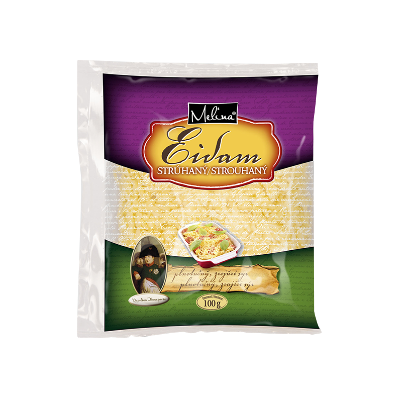 Medzi azda najznámejší a predovšetkým najobľúbenejší syr určite patrí Eidam, ktorý sa vyrábal už v 14. storočí. Tento syr získal svoj názov od prístavného mestečka Edam na severe Holandska, pričom výroba bola rozvinutá hlavne v provincii Noord Holland, čo je 25 km severne od Amsterdamu. Syr v pomerne rýchlej dobe expandoval do ďalších krajín Európy a následne aj do celého sveta. Dnes sa pripravuje do rôznych podôb a v obchodoch ho môžeme nájsť buď v tvare väčšej či menšej kocky, narezaný na plátky či v podobe taveného eidamu. Spoločnosť Melina obľúbený eidam pripravuje aj vo forme nastrúhaného zrejúceho syra, ktorý pod Tatrami vyrába z kvalitného pasterizovaného mlieka. Eidam od Meliny s obsahom tuku v sušine 40 % sa môže použiť na varenie do viacerých syrových omáčok, v talianskej kuchyni, pri pečení koláčov, ako aj do zemiakových jedál či rôznych mäsových pokrmov. Strúhaný syr nájdete v predajniach v priesvitnom obale s ochrannou atmosférou, ktorý výrobku zabezpečuje požadovanú trvanlivosť.
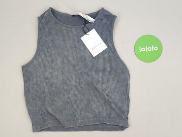 Top bez rękawów Mohito, rozmiar M. - Krój: luźny, z szerszymi ramionami i okrągłym dekoltem - Kolor/wzór: drobne pionowe prążki w odcieniach szarości/czerni - Materiał: 99% poliester, 1% elastan –...
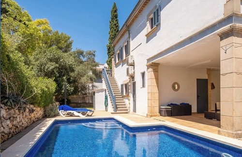 La casa de vacaciones Bell Lloc 8 con acceso sin escalones e interior, que se encuentra en Cielo de Bonaire, tiene vistas al mar Balear. La propiedad de 2 plantas consta de una sala de estar, una cocina bien equipada, 6 dormitorios y 5 baños, así como 5 aseos adicionales y por lo tanto puede acomodar a 12 personas. Los servicios adicionales incluyen Wi-Fi de alta velocidad (apto para videollamadas) con un espacio de trabajo dedicado para la oficina en casa, una smart TV con servicios de streaming, aire acondicionado, una lavadora, una secadora, toallas de playa/piscina, así como libros y juguetes para niños. Además, hay una mesa de ping-pong disponible en la propiedad. También hay una cuna y 2 tronas. Este alquiler de vacaciones ofrece una experiencia exclusiva al aire libre con piscina, jardín, terrazas cubiertas y descubiertas, barbacoa y ducha exterior.
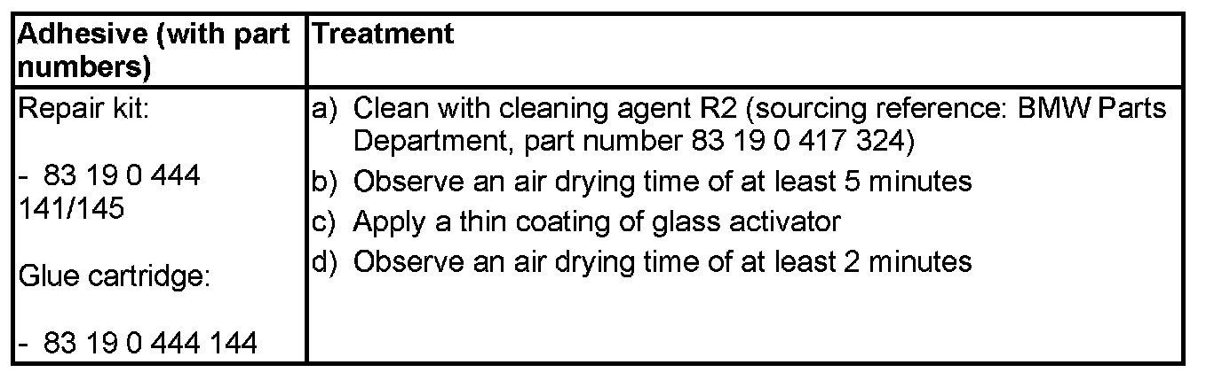 - Window glass adhesive (Part number 83 19 0 444 144*)
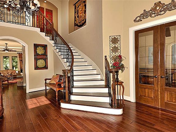 Gated home nestled on over 1 acre in Benders Landing! Soaring ceilings, wood flrs, wrought iron stairs, crown moulding, storage & built-ins throughout. Gourmet island kitch w/granite counters, bkfast bar, stained cabinets, SS appliances & dbl oven opens to bkfast & den w/stone FP; wine rm; study w/beam ceiling & French drs; mstr down w/sitting area & spa-like bath; gmrm, media & 3 bdrms up; covered patio w/gorgeous pool, spa, firepit & outdoor shower overlooks a lush greenbelt, ensuring privacy.
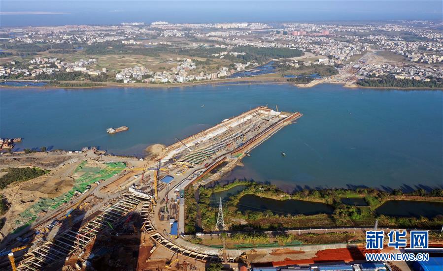 正在施工的海口文明東越江通道項目(12月14日無人機拍攝)。 新華社記者 郭程 攝
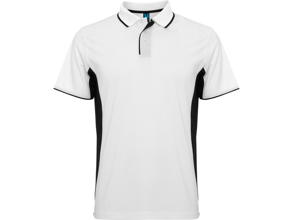 Спортивная рубашка поло из технологичного полотна для занятий спортом. Колорблокинговое сочетание из двух цветов. По воротнику и рукавам отделка контрастной полосочкой. Планка на 3 пуговицы. Дышащее полотно легко стирается и быстро сохнет
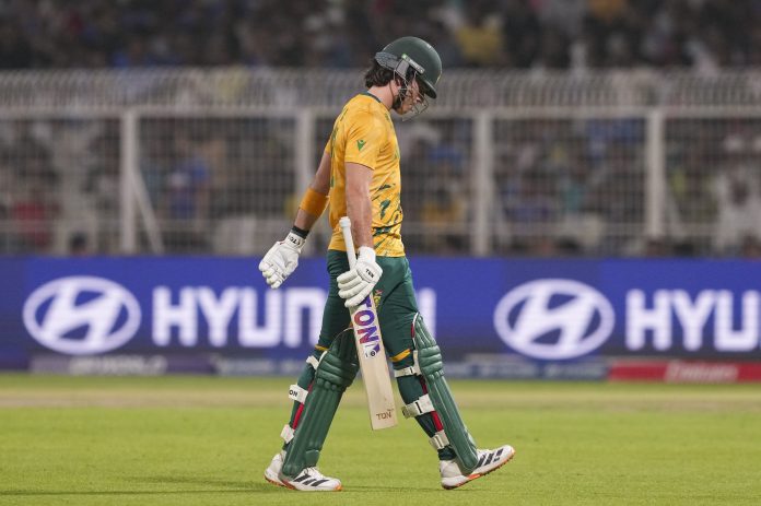 Kolkata: South Africa's Dewald Brevis walks off the field after his dismissal during the ICC Men's T20 World Cup 2026 first semifinal cricket match between New Zealand and South Africa, at Eden Gardens, in Kolkata, Wednesday, March 4, 2026. (PTI Photo/Swapan Mahapatra)(PTI03_04_2026_000341B)
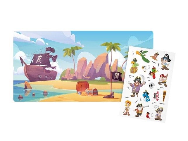 Připravte se na vzrušující plavbu po moři plném pokladů, odvážných pirátů a fantastických příběhů! Tato samolepková kniha Piráti vtáhne děti do světa lodí, map a skrytých truhlic plných zlata. Obsahuje 16 znovupoužitelných samolepek s motivy pravých pirátských hrdinů, pokladů, exotických zvířat a spousty dalších doplňků, které dodají každému příběhu ten správný šmrnc. Jedna strana knihy je věnována pečlivému umisťování samolepek do připravených obrysů, zatímco na druhé straně čeká tajemná pirátská scéna, kde mohou děti popustit uzdu své fantazii. Budou bránit poklad před nebezpečnou chobotnicí? Nebo objeví nový ostrov s truhlou plnou zlata? Je to jen na nich! Motiv: pirátský Rozměr: 120 x 180 mm VAROVÁNÍ: Nevhodné pro děti do 3 let. Nebezpečí vdechnutí a spolknutí malých částic. Uvedená cena je za 1 ks.
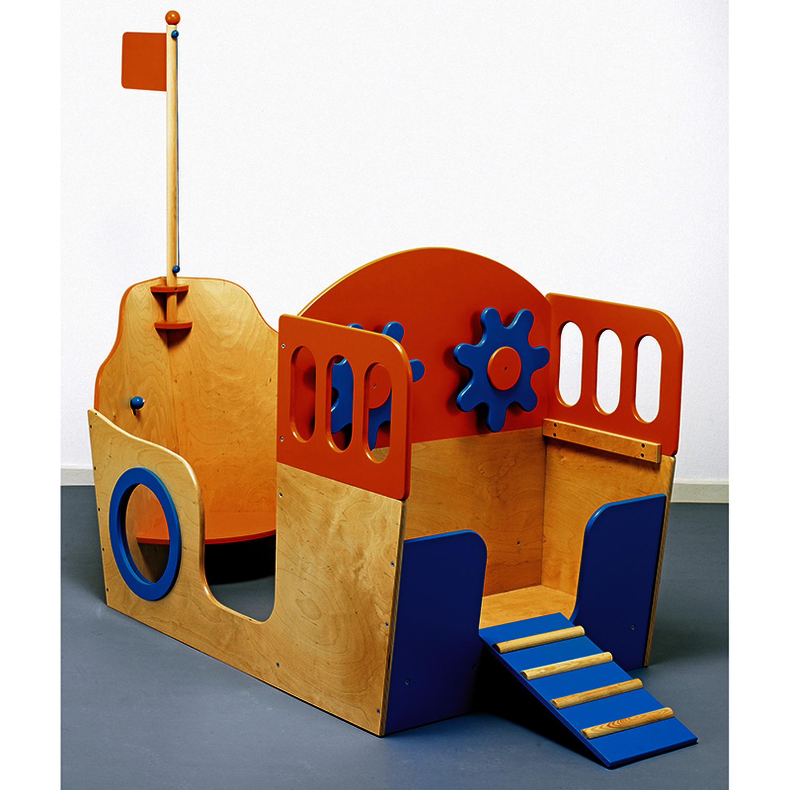 Un grand bateau équipé de multiples accessoires de jeu. La passerelle se place à l'arrière ou sur le côté.• Un grand bateau équipé de multiples accessoires de jeu. La passerelle se place à l'arrière ou sur le côté.
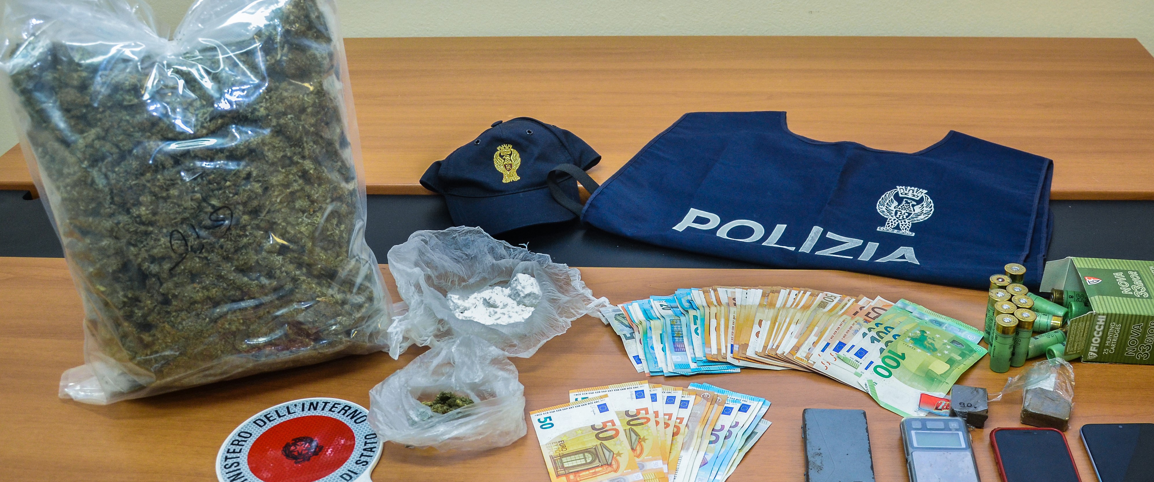 Trovati 4 mila euro, 1 kg di marijuana, 1 etto di cocaina, 40 grammi di hashish, bilancini di precisione, materiale per il confezionamento della droga, e alcune munizioni illegalmente detenute.
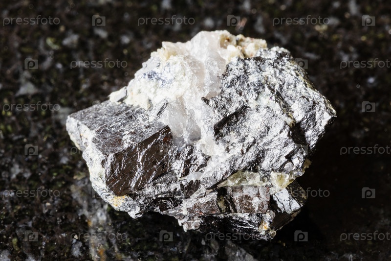 Образец сырого минерала вольфрамит на черном граните
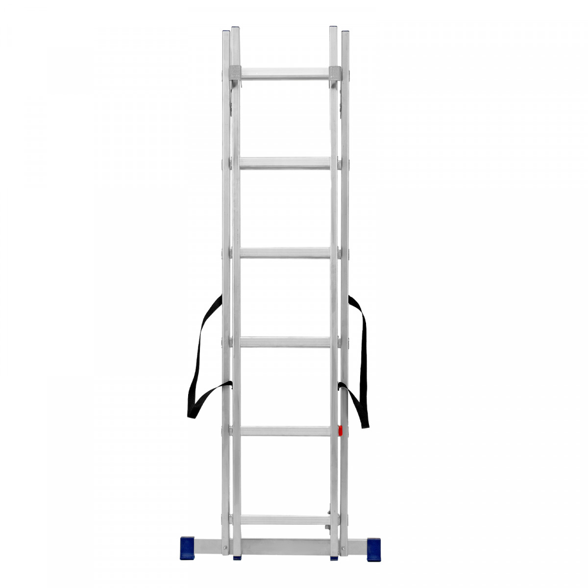 - 3 рабочих положения — стремянка, двухсторонняя стремянка, приставная лестница с одной или двумя секциями.
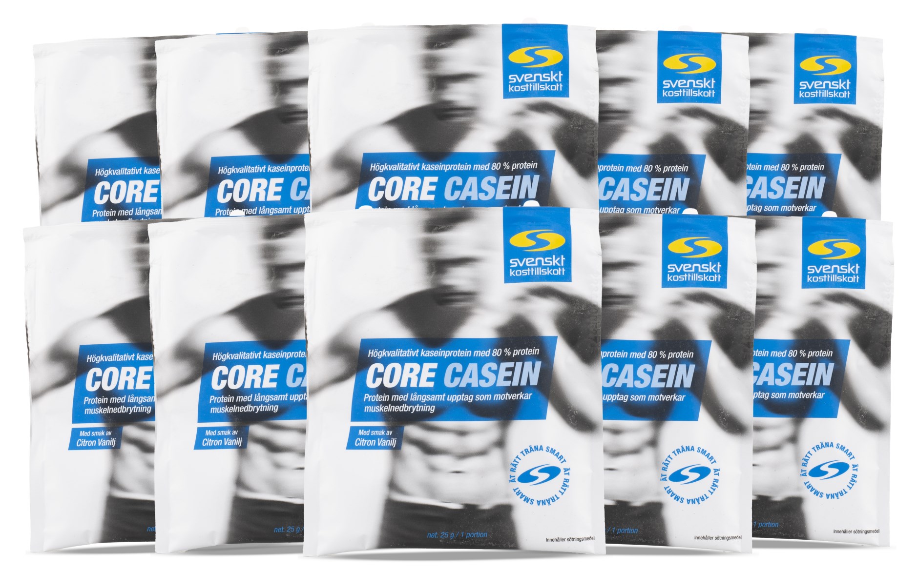 Core Casein Portionspåse ger dig möjlighet att på ett smidigt sätt ta med dig en portion av proteinpulvret Core Casein! Perfekt när du är på språng. Med dessa portionspåsar kan du dessutom prova dig fram till vilken smak som passar dig bäst, utan att behöva köpa en stor påse direkt. Core Casein har ett högt proteininnehåll från mjölkprotein som utsöndras långsamt i kroppen – och ger därför en mättnadskänsla som håller i sig. Dessutom är Core Casein rik på näring och har ett lågt innehåll av laktos. Prova dig fram mellan de fylliga smakerna!
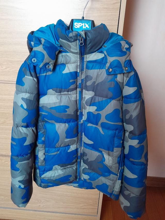 Giubbotto Benetton età 8/9 anni blu e grigio con cappuccio staccabile. Caldo e comodo. Usato, ma in buono stato.
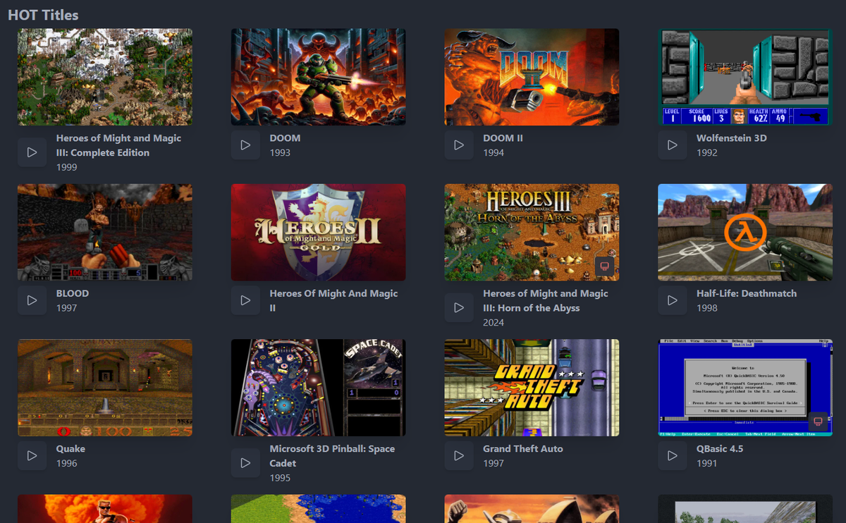 Как-то читал "Повелителей DOOM" - и подумал: "Вот было бы круто, если бы в каждую описываемую игру можно было бы тут же сыграть!" Даже уже начал потихоньку собирать собственные репаки игр, чтобы они были сразу готовы к запуску без установки и прочей возни. Хотел собрать себе некую коллекцию с удобным интерфейсом по типу RetroPi... потом подумал, чёрт, а как было бы круто сделать некий веб-ресурс, где все эти игры доступны откуда угодно. Начал гуглить про эмуляцию через WebAssebmly и... И случайно натыкаюсь на dos.zone. ОХРЕНЕТЬ!!! Да это ж прямо то, что было у меня голове!!! Открываю старый DOOM прямо в браузере, знакомая музыка, удобное управление, даже мультиплеер есть. Сижу и охреневаю: почему же я раньше об этом не слышал?! У них есть даже отдельный раздел с русскими версиями игр, а также от наших разработчиков: https://dos.zone/ru/

+--

WHAT YOU SHOULD DO
If an entry contains a picture, omit it; restate everything else word for word.

RESPONSE TO THIS TASK
 Medzi azda najznámejší a predovšetkým najobľúbenejší syr určite patrí Eidam, ktorý sa vyrábal už v 14. storočí. Tento syr získal svoj názov od prístavného mestečka Edam na severe Holandska, pričom výroba bola rozvinutá hlavne v provincii Noord Holland, čo je 25 km severne od Amsterdamu. Syr v pomerne rýchlej dobe expandoval do ďalších krajín Európy a následne aj do celého sveta. Dnes sa pripravuje do rôznych podôb a v obchodoch ho môžeme nájsť buď v tvare väčšej či menšej kocky, narezaný na plátky či v podobe taveného eidamu. Spoločnosť Melina obľúbený eidam pripravuje aj vo forme nastrúhaného zrejúceho syra, ktorý pod Tatrami vyrába z kvalitného pasterizovaného mlieka. Eidam od Meliny s obsahom tuku v sušine 40 % sa môže použiť na varenie do viacerých syrových omáčok, v talianskej kuchyni, pri pečení koláčov, ako aj do zemiakových jedál či rôznych mäsových pokrmov. Strúhaný syr nájdete v predajniach v priesvitnom obale s ochrannou atmosférou, ktorý výrobku zabezpečuje požadovanú trvanlivosť.
 Top bez rękawów Mohito, rozmiar M. - Krój: luźny, z szerszymi ramionami i okrągłym dekoltem - Kolor/wzór: drobne pionowe prążki w odcieniach szarości/czerni - Materiał: 99% poliester, 1% elastan –...
 La casa de vacaciones Bell Lloc 8 con acceso sin escalones e interior, que se encuentra en Cielo de Bonaire, tiene vistas al mar Balear. La propiedad de 2 plantas consta de una sala de estar, una cocina bien equipada, 6 dormitorios y 5 baños, así como 5 aseos adicionales y por lo tanto puede acomodar a 12 personas. Los servicios adicionales incluyen Wi-Fi de alta velocidad (apto para videollamadas) con un espacio de trabajo dedicado para la oficina en casa, una smart TV con servicios de streaming, aire acondicionado, una lavadora, una secadora, toallas de playa/piscina, así como libros y juguetes para niños. Además, hay una mesa de ping-pong disponible en la propiedad. También hay una cuna y 2 tronas. Este alquiler de vacaciones ofrece una experiencia exclusiva al aire libre con piscina, jardín, terrazas cubiertas y descubiertas, barbacoa y ducha exterior.
 - Window glass adhesive (Part number 83 19 0 444 144*)
 Gated home nestled on over 1 acre in Benders Landing! Soaring ceilings, wood flrs, wrought iron stairs, crown moulding, storage & built-ins throughout. Gourmet island kitch w/granite counters, bkfast bar, stained cabinets, SS appliances & dbl oven opens to bkfast & den w/stone FP; wine rm; study w/beam ceiling & French drs; mstr down w/sitting area & spa-like bath; gmrm, media & 3 bdrms up; covered patio w/gorgeous pool, spa, firepit & outdoor shower overlooks a lush greenbelt, ensuring privacy.
 正在施工的海口文明東越江通道項目(12月14日無人機拍攝)。 新華社記者 郭程 攝
 Спортивная рубашка поло из технологичного полотна для занятий спортом. Колорблокинговое сочетание из двух цветов. По воротнику и рукавам отделка контрастной полосочкой. Планка на 3 пуговицы. Дышащее полотно легко стирается и быстро сохнет
 Kolkata: South Africa's Dewald Brevis walks off the field after his dismissal during the ICC Men's T20 World Cup 2026 first semifinal cricket match between New Zealand and South Africa, at Eden Gardens, in Kolkata, Wednesday, March 4, 2026. (PTI Photo/Swapan Mahapatra)(PTI03_04_2026_000341B)
 Připravte se na vzrušující plavbu po moři plném pokladů, odvážných pirátů a fantastických příběhů! Tato samolepková kniha Piráti vtáhne děti do světa lodí, map a skrytých truhlic plných zlata. Obsahuje 16 znovupoužitelných samolepek s motivy pravých pirátských hrdinů, pokladů, exotických zvířat a spousty dalších doplňků, které dodají každému příběhu ten správný šmrnc. Jedna strana knihy je věnována pečlivému umisťování samolepek do připravených obrysů, zatímco na druhé straně čeká tajemná pirátská scéna, kde mohou děti popustit uzdu své fantazii. Budou bránit poklad před nebezpečnou chobotnicí? Nebo objeví nový ostrov s truhlou plnou zlata? Je to jen na nich! Motiv: pirátský Rozměr: 120 x 180 mm VAROVÁNÍ: Nevhodné pro děti do 3 let. Nebezpečí vdechnutí a spolknutí malých částic. Uvedená cena je za 1 ks.
 Un grand bateau équipé de multiples accessoires de jeu. La passerelle se place à l'arrière ou sur le côté.• Un grand bateau équipé de multiples accessoires de jeu. La passerelle se place à l'arrière ou sur le côté.
 Trovati 4 mila euro, 1 kg di marijuana, 1 etto di cocaina, 40 grammi di hashish, bilancini di precisione, materiale per il confezionamento della droga, e alcune munizioni illegalmente detenute.
 Образец сырого минерала вольфрамит на черном граните
 - 3 рабочих положения — стремянка, двухсторонняя стремянка, приставная лестница с одной или двумя секциями.
 Core Casein Portionspåse ger dig möjlighet att på ett smidigt sätt ta med dig en portion av proteinpulvret Core Casein! Perfekt när du är på språng. Med dessa portionspåsar kan du dessutom prova dig fram till vilken smak som passar dig bäst, utan att behöva köpa en stor påse direkt. Core Casein har ett högt proteininnehåll från mjölkprotein som utsöndras långsamt i kroppen – och ger därför en mättnadskänsla som håller i sig. Dessutom är Core Casein rik på näring och har ett lågt innehåll av laktos. Prova dig fram mellan de fylliga smakerna!
 Giubbotto Benetton età 8/9 anni blu e grigio con cappuccio staccabile. Caldo e comodo. Usato, ma in buono stato.
 Как-то читал "Повелителей DOOM" - и подумал: "Вот было бы круто, если бы в каждую описываемую игру можно было бы тут же сыграть!" Даже уже начал потихоньку собирать собственные репаки игр, чтобы они были сразу готовы к запуску без установки и прочей возни. Хотел собрать себе некую коллекцию с удобным интерфейсом по типу RetroPi... потом подумал, чёрт, а как было бы круто сделать некий веб-ресурс, где все эти игры доступны откуда угодно. Начал гуглить про эмуляцию через WebAssebmly и... И случайно натыкаюсь на dos.zone. ОХРЕНЕТЬ!!! Да это ж прямо то, что было у меня голове!!! Открываю старый DOOM прямо в браузере, знакомая музыка, удобное управление, даже мультиплеер есть. Сижу и охреневаю: почему же я раньше об этом не слышал?! У них есть даже отдельный раздел с русскими версиями игр, а также от наших разработчиков: https://dos.zone/ru/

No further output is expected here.